93 pointsby ingve6 days ago15 comments
  • virtualritz6 days ago
    Curiously, what people commonly refer to as 'Waterfront OBJ' is merely a tiny subset of that format. I.e. the part dealing with polygons.

    The format supports e.g. higher order curves and surfaces and apps like Maya or Rhino3D can read and write OBj files containing such data. [1]

    Writing a parser for the polygon subset also comes with some caveats.

    If your target is a GPU you probably need to care for robust triangulation of n-gons and making per-face-per-vertex data per-vertex on disconnected triangles.

    Vice versa, if you are feeding data to an offline renderer you want to absolutely preserves such information.

    I believe the tobj Rust crate is one of the few OBJ importers that handles all edge cases. [2] If you think it doesn't, let me know and I will fix that.

    This is surprising for people familiar with one but not the other of the requirements of offline- or GPU rendering.

    I.e. if you write an OBJ reader this can become a challenge; see e.g. an issue I opened here [3].

    1. https://paulbourke.net/dataformats/obj/

    2. https://docs.rs/tobj/latest/tobj/struct.LoadOptions.html

    3. https://github.com/assimp/assimp/issues/3677

    • grandempire6 days ago
      > robust triangulation of n-gons and making per-face-per-vertex data per-vertex on disconnected triangles.

      This is a simple post-process step after parsing.

      • sreekotay5 days ago
        Depends on your definition of robust (e.g. how are you handling T-junctions) but in general I would agree with this, in that that some things that are NOT trivial should rightly be pushed up the art pipeline.

        Good pipelines shouldn't rely on clever parser behaviour (as a general rule)

        • grandempire5 days ago
          Good point about T-junctions.
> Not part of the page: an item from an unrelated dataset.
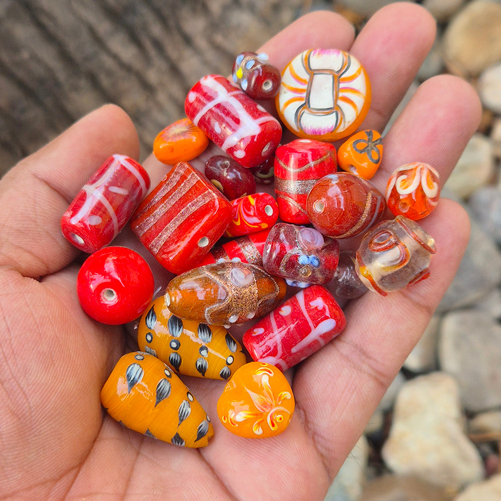 200 GRAMS PACK' RED TONE FANCY LAMPWORK BEAD MIX

I was thinking only of combinatorial triangulation.
      • virtualritz2 days ago
        When your polygons are convex and non-planar 'simple' quickly becomes an euphemism.

        You may even want to consider adjacent topology for something as 'simple' as which of two possible solutions to take, when splitting a non-planar quad into two triangles.

        Triangulation is simple only when your polygons are planar and convex and aspect ratios of resulting triangles do not matter under any 2ndary circumstances. Some uses e.g. require avoiding thin, splinter-like triangles.

    • the__alchemist6 days ago
      How does this compare to the `obj` crate? I'm assuming that doesn't handle cases beyond the common one well? I ask because I have a 3D rendering/GUI application lib in rust (`graphics` crate), and for OBJ files, I thinly wrap that to turn it into a mesh.

      In my own applications, it hasn't come up, as I've been mostly using primitives and dynamically-generated meshes, but am wondering if I should switch.

  • suspended_state6 days ago
    That's very nice work, and many interesting concepts introduced in the post (for example, arenas, length bounded strings, the Cut struct).

    One caveat though:

    > If the OBJ source cannot fit in memory, then the model won’t fit in memory.

    I don't think that this is true: a (single precision) float textual representation is typically equal or larger than its binary representation (4 bytes), the floating point used in the renderer given later in the post. The numbers given in the cube example are unlikely to occur in real world examples, where one would probably expect more than 2 digits of decimal precision. That being said, for double precision floats, it might be true in many scenarios, but I would not make that a cardinal rule anyway.

    This corner cut fits within the objective of the post, which, imho, isn't to make the most efficient program, but provide a great foundation in C to build upon.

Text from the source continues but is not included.